# E.M.T in concrete



## Bailey 167

I recently received a correction notice for running emt in concrete. I mounted a disconnect on the wall and ran emt down and transfered to pvc at what I thought was finish floor. I have to sawcut, bust out and raise pipe. Has anyone ran into this. (This is not a high spec. job.)


----------



## nap

No because emt can be run in concrete. I do not do it as a practice but the code does allow it or I should say it does no speak against it.

NEC does not allow EMT is cinder concrete, which is different that concrete. As a matter of fact, code states that if you surround the emt with 2 inches of concrete, you can have that within cinder concrete.

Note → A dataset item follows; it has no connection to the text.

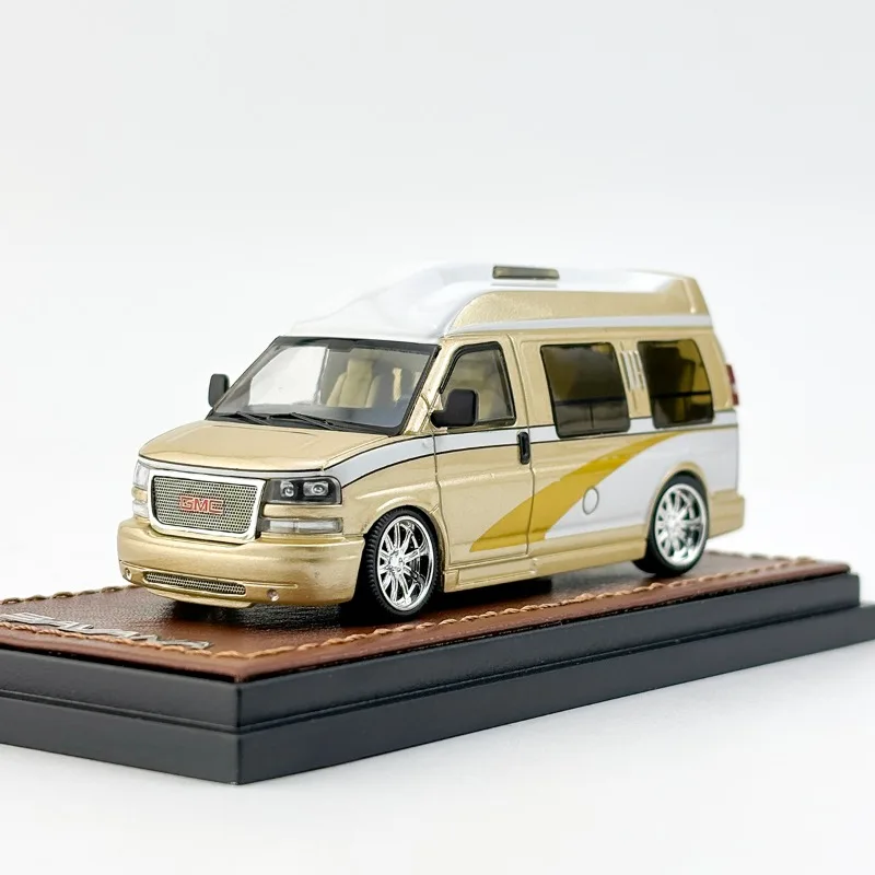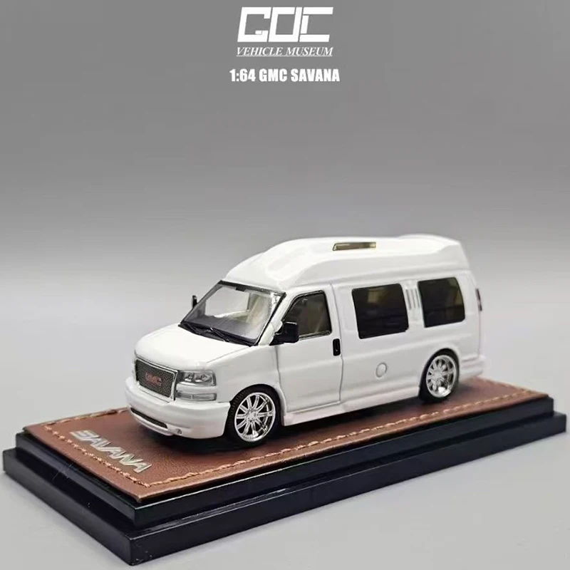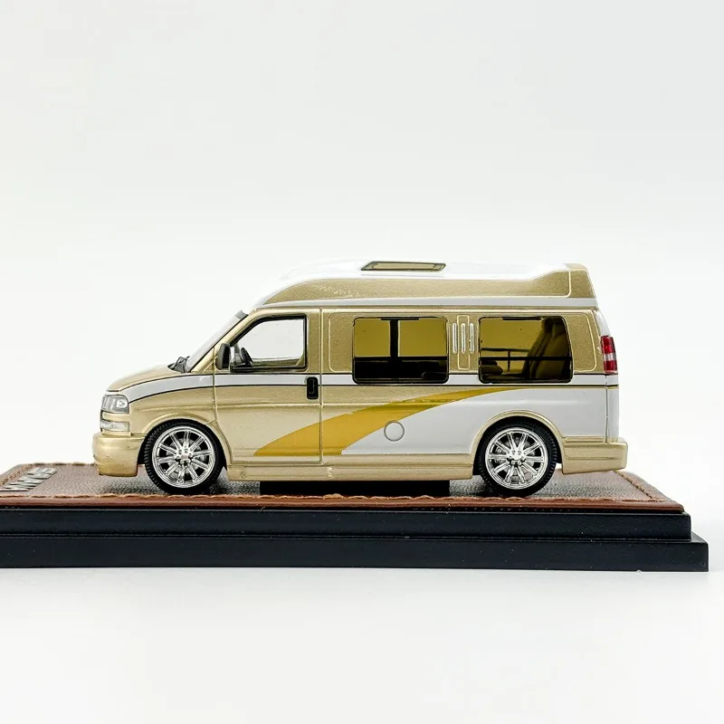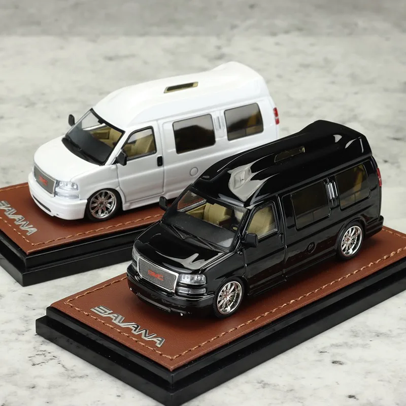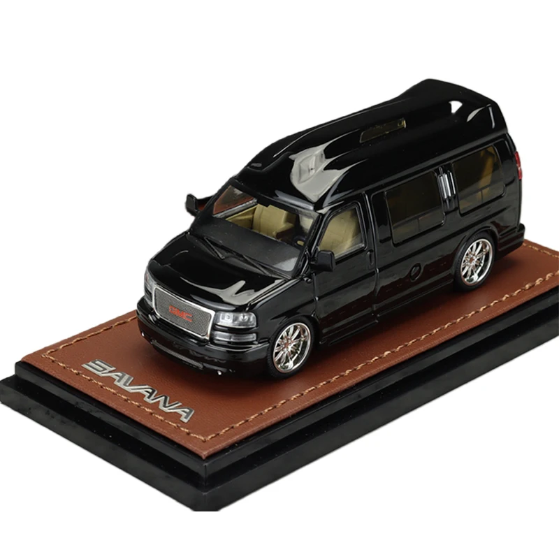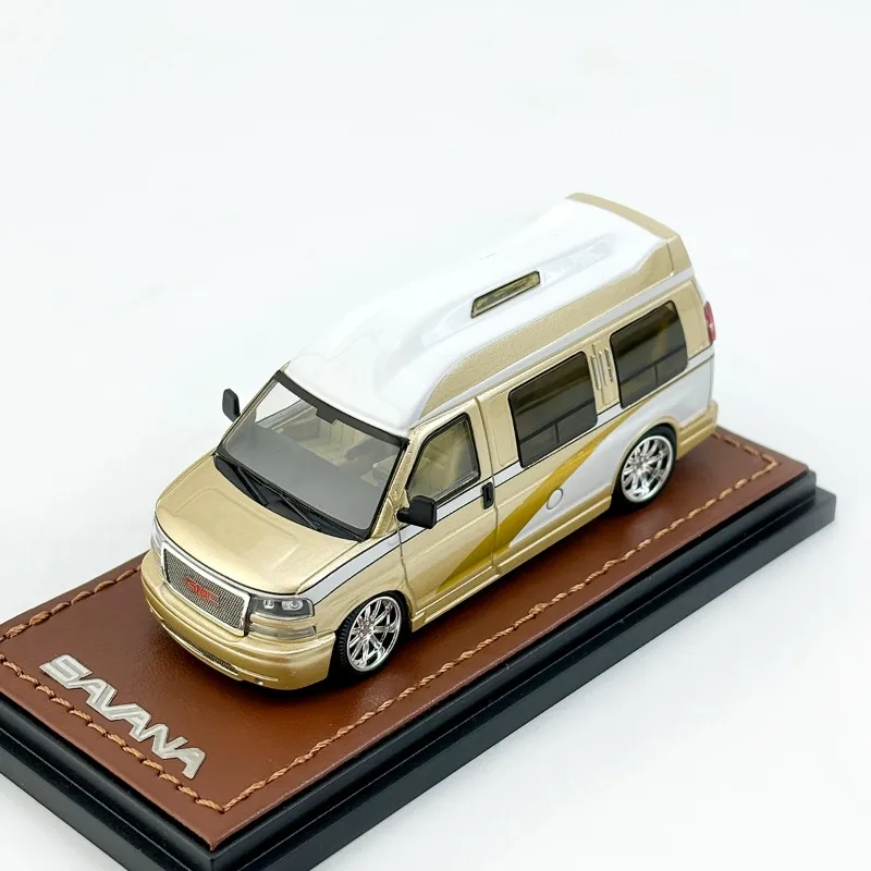 Discover the stunning Diecast 1/64 Scale GMC Savana model cars, showcasing a collection of four designs in captivating colors: metallic gold and cream, white and light blue with police graphics, pristine white, and glossy black. Each model features intricate details, made from durable metal and plastic, and requires no batteries. Perfect for display, collection, or as a thoughtful gift, these models come mounted on a sturdy base with a leather-like texture, embossed with “SAVANA.” Reinforced for transport protection, this set truly captures the essence of the GMC Savana, making it a must-have for enthusiast collectors.

what code section did he hit your with?


----------



## Bailey 167

nap said:


> No because emt can be run in concrete. I do not do it as a practice but the code does allow it or I should say it does no speak against it.
> 
> NEC does not allow EMT is cinder concrete, which is different that concrete. As a matter of fact, code states that if you surround the emt with 2 inches of concrete, you can have that within cinder concrete.
> 
> what code section did he hit your with?


No he did not give code section. I looked up 300-6a when I got home.... I'm thinking about arguing that emt is zinc coated, therefore protected against corrosion.


----------



## azsly1

code calls it cinder fill i believe. cinderfill is corrosive due to the lye in it. 

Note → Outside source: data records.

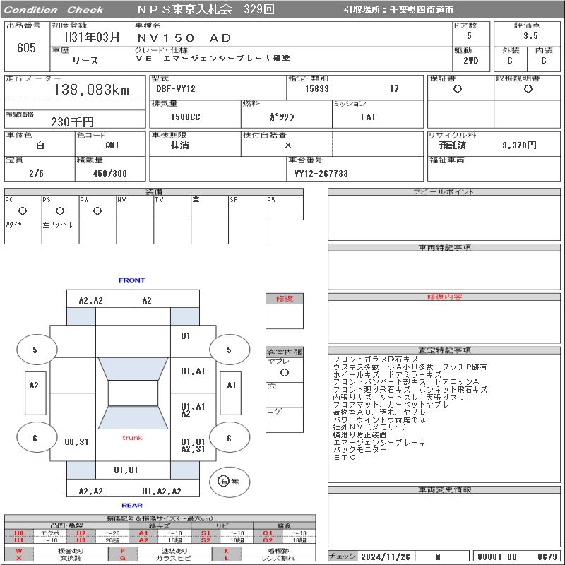 Все аукционы NISSAN NV150 AD
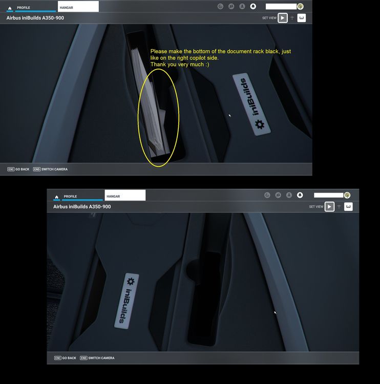 Greetings, I hope you all have great Easter holidays! 😊 I thought I should show up and destroy the good holiday mood and the awesome long weekend by reporting a bug list to have the developers work overtime during the whole weekend to fix all these bugs. Because I am evil muaharrharrharr... No just kidding, the A350 is still one of the most beautiful and greatest planes ever made, I just found this small texture glitch while looking around in the cockpit a bit during a long flight. Would be cool to see this white glitching out bottom texture of the pilot side document rack fixed, and after that the cockpit is A++ PERFECT! I could not find any other flaw or imperfection anymore inside the cockpit, and also none in the cockpit and navigation systems. One of the greatest and most flawless virtual planes ever!
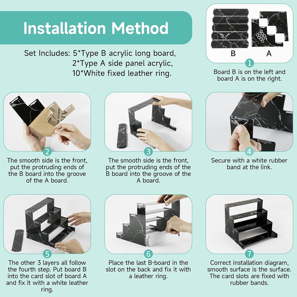 • [سهلة التركيب] حافظة عرض من الأكريليك لا تحتاج إلى مفك براغي، يحتوي منتجنا على دليل مدمج، تمامًا مثل مكعبات البناء، قم بمحاذاة الحربة وثبتها بشريط مطاطي. يجب إزالة الطبقة الواقية قبل الاستخدام.
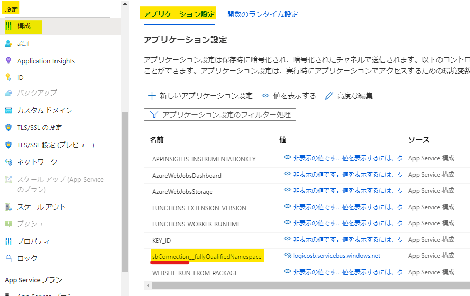 具体的には、sbConnection__fullyQualifiedNamespaceのsbConnectionが上記connectionの値として設定されているので、これを使い取り扱うService Bus名前空間を識別している。
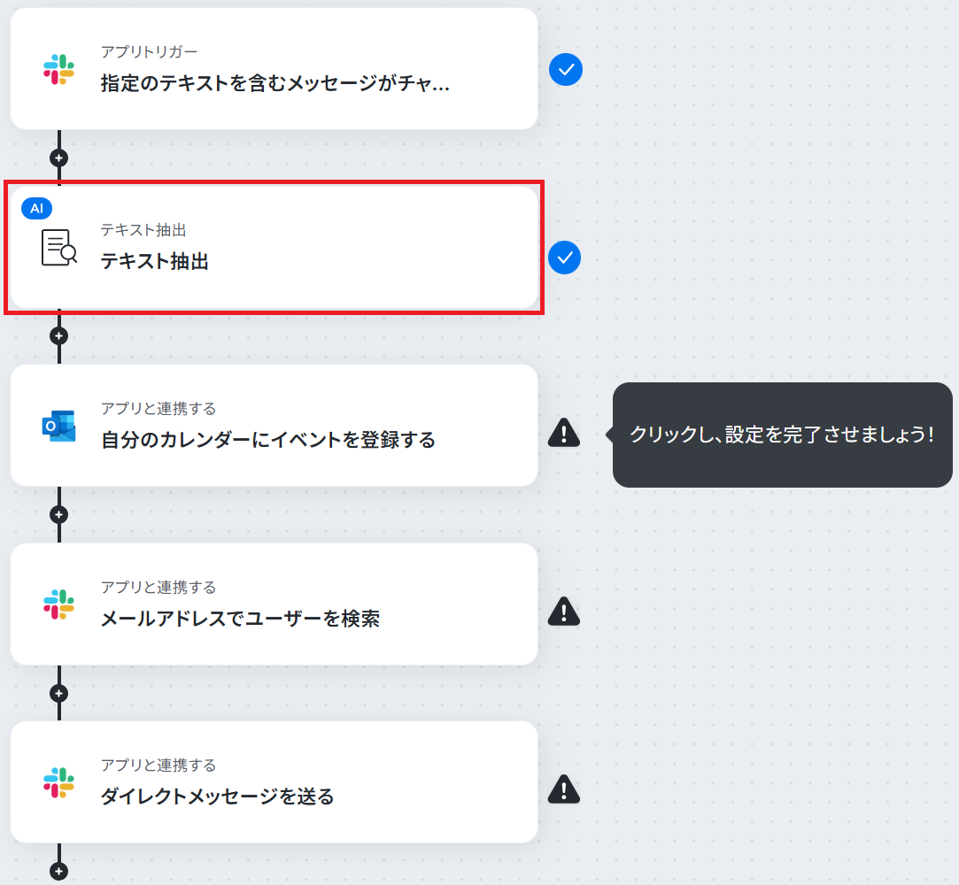ステップ4:テキスト抽出設定 先ほど取得した投稿内容から、スケジュール登録に必要な項目を抽出します。 「テキスト抽出」をクリックしましょう。

how about running rigid in the 1st place. no worries...


----------



## Bailey 167

azsly1 said:


> code calls it cinder fill i believe. cinderfill is corrosive due to the lye in it.
> 
> how about running rigid in the 1st place. no worries...

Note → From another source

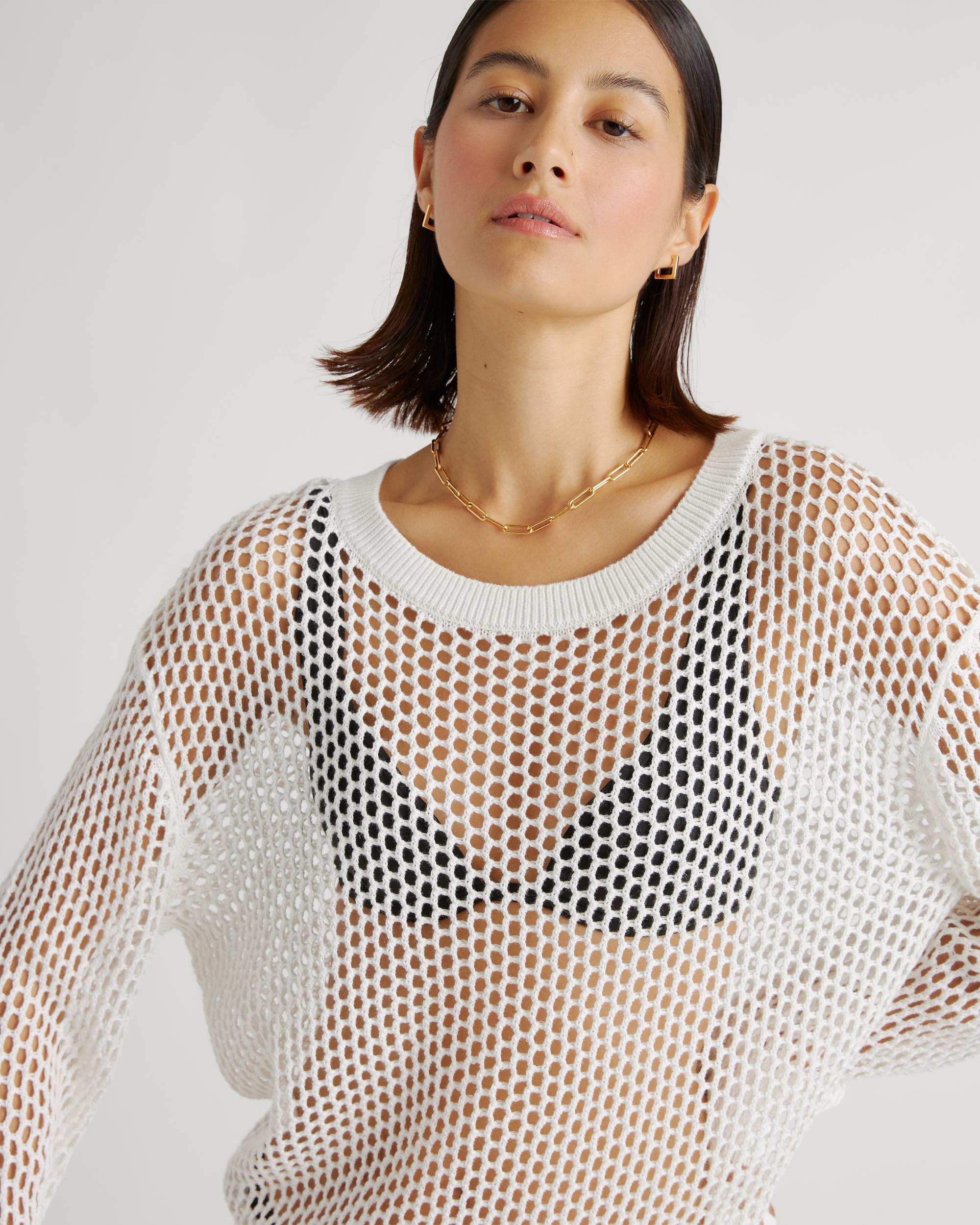 Meet your new travel must-have. Our breezy open-knit sweater—made with supple 100% organic cotton—is versatile enough to be thrown over a swimsuit or paired with a tank and shorts for a day of sightseeing. With a nice drape and a relaxed fit, you’ll want to wear it long after your vacation glow has faded. | Quince | Women's Open-Knit Cover-Up Crew Neck Alpaca Sweater in White, Size Medium, Organic Cotton
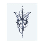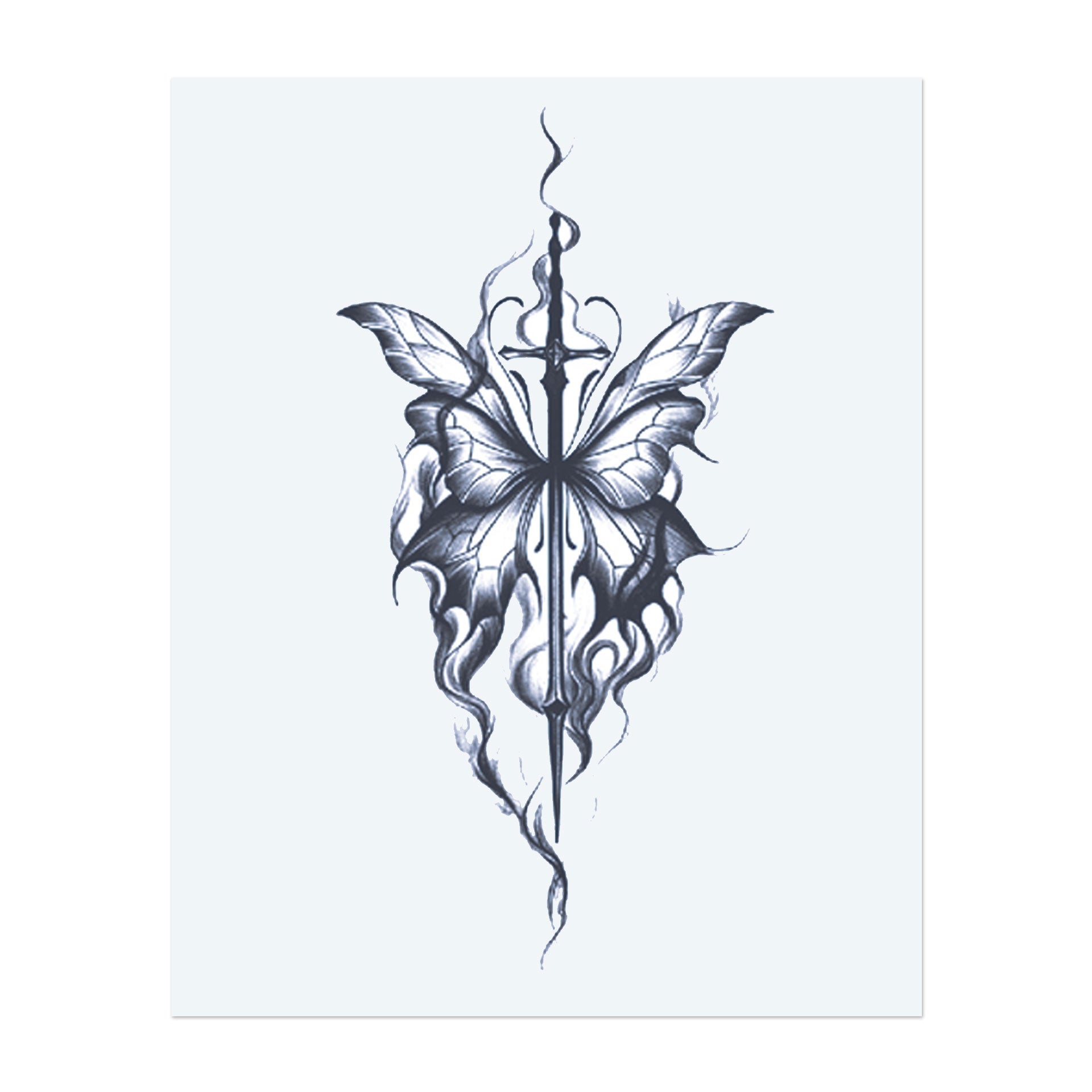 Una graziosa farfalla con ali di fiamme luminose e fluenti, incentrata su una spada. Il tatuaggio unisce delicatezza e forza, simboleggiando trasformazione e resilienza, mentre la spada fende il fumo della battaglia.

Well if I ran rigid we would'nt be having this conversation.


----------



## nap

azsly1 said:


> code calls it cinder fill i believe. cinderfill is corrosive due to the lye in it.
> 
> how about running rigid in the 1st place. no worries...


code does list cinder concrete or cinder fill as not suitable for emt but as I posted previously, code even lists concrete as a proper protection against cinder concrete.

They are two different products.


----------



## Bailey 167

Thankyou for the help, I found cinder fill in code and used it today. This forum is great!


----------



## randomkiller

azsly1 said:


> code calls it cinder fill i believe. cinderfill is corrosive due to the lye in it.
> 
> how about running rigid in the 1st place. no worries...


 
Actually the corrosive agent is the ash from the cinders.


----------



## brian john

And in my area I do not think i ever saw cinder fill.


----------



## cmec

brian john said:


> And in my area I do not think i ever saw cinder fill.


 Me neither,limestone and river gravel are commonly used,they do use fly ash for wall board.


----------